I have sometimes asked myself why India, the Aryan East, developed Schools of Contemplation, while the Aryan West has developed the Schools of demonstrable and communicable Truth. In an exceedingly able recent work entitled The Heyapaksha of Yoga by P. V. Pathak, of Bombay University, the answer, it appears, is given. Thanks to the fact that the ancient Vedic law enjoined upon the individual two distinct and separate duties—his duty to his caste, and his duty to himself—and, moreover, apportioned three-fourths of his life to the latter, “it was only natural that under such circumstances of leisure man should be given to reflections about the nature of the self,” and of his relation, not with Society so much as with the Universe. It is impossible to overemphasize the importance of leisure to the spiritual development of Man. Not only is leisure the condition of time to contemplate, but it is the condition of the mood to contemplate. The discovery of practical truths useful to society is undoubtedly stimulated by the activity of work. Strangely enough, however, even this activity of work is justified by its promise of the provision of leisure. On the other hand, it is quite certain that, without leisure, even the discovery that Matter in the end is Spiritual will lead to no real change in Western thought; but the continued activity of work for three quarters of life will only leave the Western mind unsatisfied and at the same time helpless.

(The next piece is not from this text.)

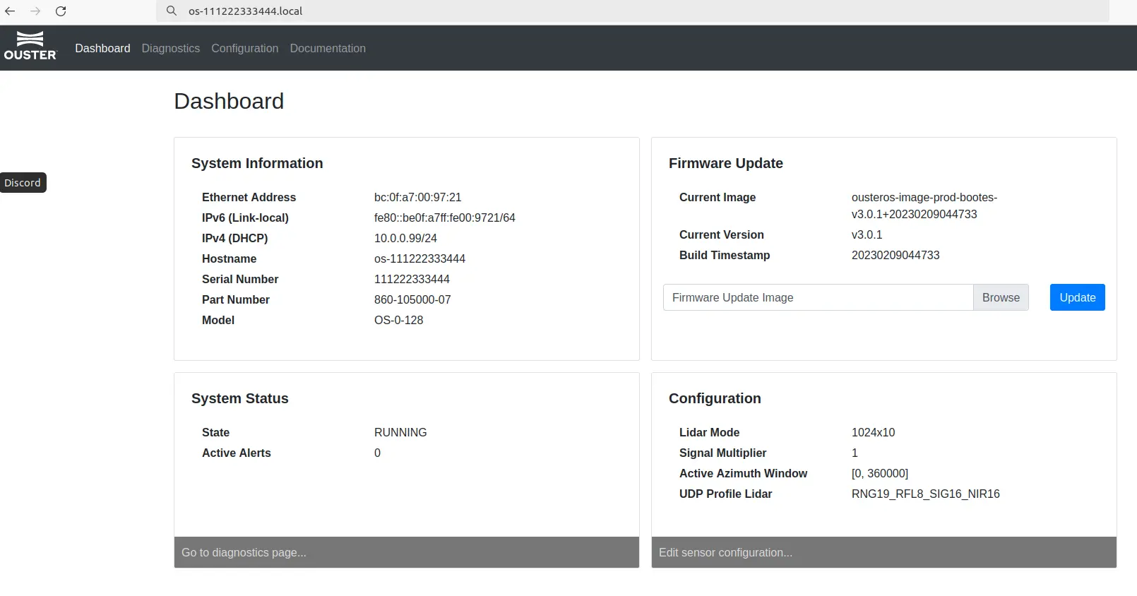 To ensure that the device has been connected successfully you can enter Ouster sensor dashboard. To do so open your browser of choice on a computer connected to rover's WiFi and go to address: os-sensor_serial_number.local

The question is very troubling whether, in terms of Yugas or Great Ages, Man is developing or degenerating, evolving or involving. Indian tradition, as we know, affirms that in the Great Year of the life of Mankind we pass through successive declining stages, of which the present Age is the most involved of all. The greatest among us today must therefore be less great than the greatest of preceding ages; and there were not only great men before Agamemnon, but there were greater. Without daring to express an opinion upon this tremendous matter, I would merely note its bearing upon the question: What is the nature of Man? Assuming for the moment that, like the creature that begins life as an egg, passes through the stages of worm and chrysalis, and finally becomes a butterfly, the being “Man” passes in reverse order through stages, defined in time as Yugas, what is the definition we can give of the complete being? Those who saw him in his first phase must have had one definition; those who see him today must have another. But where is the mind that can “see” all the stages and, assembling them as merely phases of development, define the being whose nature they manifest? Again without venturing out of my depth, I merely record the doubt whether anybody knows what Man is.